Disease management (DM) programs were developed under the assumption that health services utilization and morbidity could be reduced for those with chronic illness by augmenting the traditional episodic medical care system with services and support between doctor visits. For many chronic diseases, there is much opportunity to improve the quality and consistency of care (e.g. diabetics getting regular tests of glucose control (HbA1 c) or those with known coronary disease taking a beta blocker). DM programs were developed to assist physicians and their patients to identify and close those gaps in care (DMAA, 2004).
DM programs attempt to achieve these goals by (1) accurately identifying those in the population with the disease or at significant risk of developing the disease, (2) convincing those with the greatest risk of morbidity and health services utilization to participate in the program and (3) intervening with physicians and patients to effect some change in health behavior. For many DM programs, the primary means to execute these intervention strategies is through telephonic interaction between a DM nurse, the patient and physician. According to the Disease Management Association of America (DMAA), a full-service disease management program must include all of the following: population identification processes, evidence-based practice guidelines, collaborative practice models to include physician and support-service providers, patient self-management education, process and outcomes measurement, evaluation and management, and routine reporting/feedback loops (which may include communication with patient, physician, health plan and ancillary providers, and practice profiling) (DMAA, 2004).
Although DM has been in existence for over a decade, there is still much uncertainty as to its effectiveness in improving health status and reducing costs. Part of the struggle to gain legitimacy is the ambiguity in how to best evaluate DM program effectiveness. Several research-based techniques with applicability to DM have recently been introduced to the DM evaluation debate (Linden, Adams & Roberts, 2003a, 2003b, 2003c, 2004a, 2004b, 2004c, 2005a, 2005b; Linden & Roberts, 2004; Linden, Roberts & Keck, 2003).
A prevailing theme in these papers is that many research-based techniques can be applied to the evaluation of DM programs, with each technique typically having at least one particular characteristic that makes it more suitable than others for a given evaluation problem. For example, the propensity scoring technique uses logistic regression to create a single independent variable representing the participant's entire set of covariates, making it feasible to match program participants and controls on the one variable instead of several (Linden, Adams & Roberts, 2005a). Bootstrapping (Linden, Adams & Roberts, 2005b) offers the ability to develop standard errors (SE) and confidence intervals (CI) around quantities that the classical statistical tools do not provide for (e.g. median, percentiles, non-linear functions, etc). Survival analysis (Linden, Adams & Roberts, 2004c) allows for the inclusion of data from censored cases, those subjects who either "survived" the program without experiencing the event (achievement of target clinical levels, hospitalization, etc.) or left the program prematurely, due to disenrollement from the health plan or program, or were lost to follow-up. Similarly, time-series analysis (Linden, Adams & Roberts, 2004c) allows for the observation of the outcome variable over time to determine the program effect despite the presence of trend and/or seasonality.
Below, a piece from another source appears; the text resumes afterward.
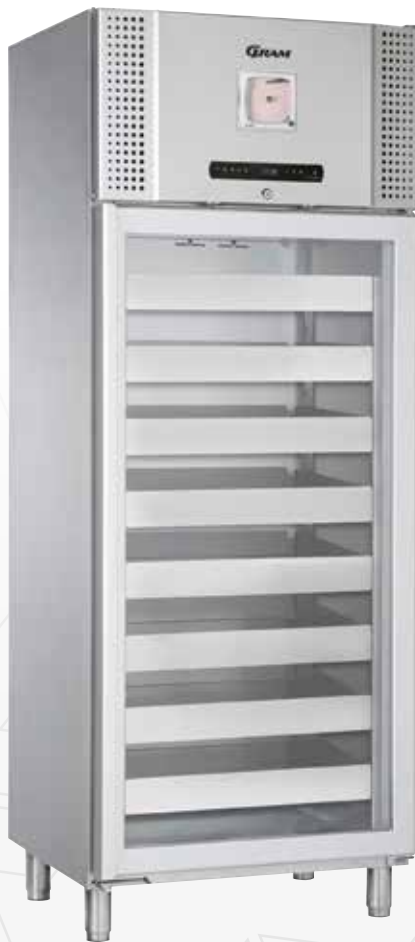
BioBlood BR660W Drawers and chart recorder are optional extras.

The BioBlood 600/660W design is customised to meet the special requirements associated with the controlled storage of blood, plasma and blood-related products.

This paper introduces the concept of regression analysis to emulate the key characteristics of two previously discussed methods; survival analysis and its ability to adjust for the impact of length of program enrollment, and time-series analysis and its ability to adjust for seasonality. The simulated data created for this paper are meant to replicate a DM program over the course of two years, serving a total of 1000 members, who enrolled and disenrolled at various points throughout the program. The outcome variable chosen was hospitalizations. These data were intentionally designed to include a seasonal component as well as a reduction in the program effect over time.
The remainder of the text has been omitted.